It was, I have it set up in my room (two large windows so its hard to heat) and it keeps the room in the 80s... we had power go out again last night, luckily it came back on within a few minutes, but the temps for all of my tanks still dropped really low (from 82 to 76) so it was still a big scare, I went and talked to managment about it this morning and they are trying to fix the problem (cable has been out also, not sure whats going on)
my BF says its all becauses its 2012


----------



## Laki (Aug 24, 2011)

I don't know why but my Lakitu is fine in all temp water. When the heater got kicked out of the wall socket (today) the water was about 68F and he's fine swimming around. He was never clamped or cold before I got the heater and while I was away at christmas time, I had my mom put him in a small qt for the change (bc I knew she didn't want to clean everything in his 3g and set up the heater and etc. And I didn't trust the bettatherm in a smaller tank).

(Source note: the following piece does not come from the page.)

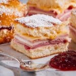 5. Finish and Serve: Remove the sliders from the oven and let them cool for 5 to 10 minutes to set. Using the parchment paper handles, carefully lift the entire slab of sliders onto a cutting board and cut into individual sliders with a sharp knife. Dust the tops generously with powdered sugar and serve warm alongside raspberry preserves for dipping.
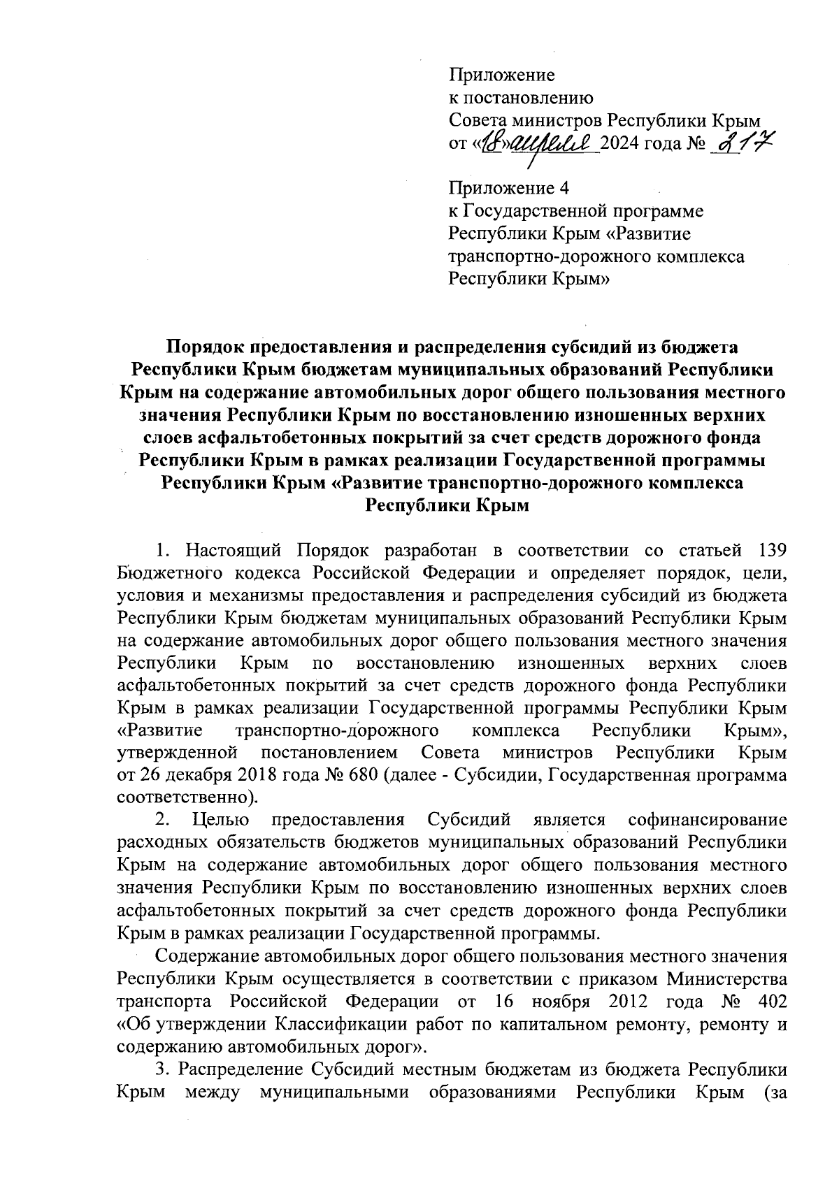 Постановление Совета министров Республики Крым от 18.04.2024 № 217

Anyway, Lakitu is not fazed by colder water.. I hope this is not unique to him, bc I'd like another betta and I want to know they'll be okay if there is no heater


----------



## LittleBettas (Jul 23, 2011)

Most bettas are like that, its actually my dumb luck that while I was gone the temperature dropped to the low 30s and even the 20s... of course, it has since picked up and has even been in the 80s a few days for the new year :-(


----------



## headerthebettalover (Jan 6, 2012)

im so sorry about your loss. i know what it feels like. hugs


----------



## LittleBettas (Jul 23, 2011)

Thank you header :-(


----------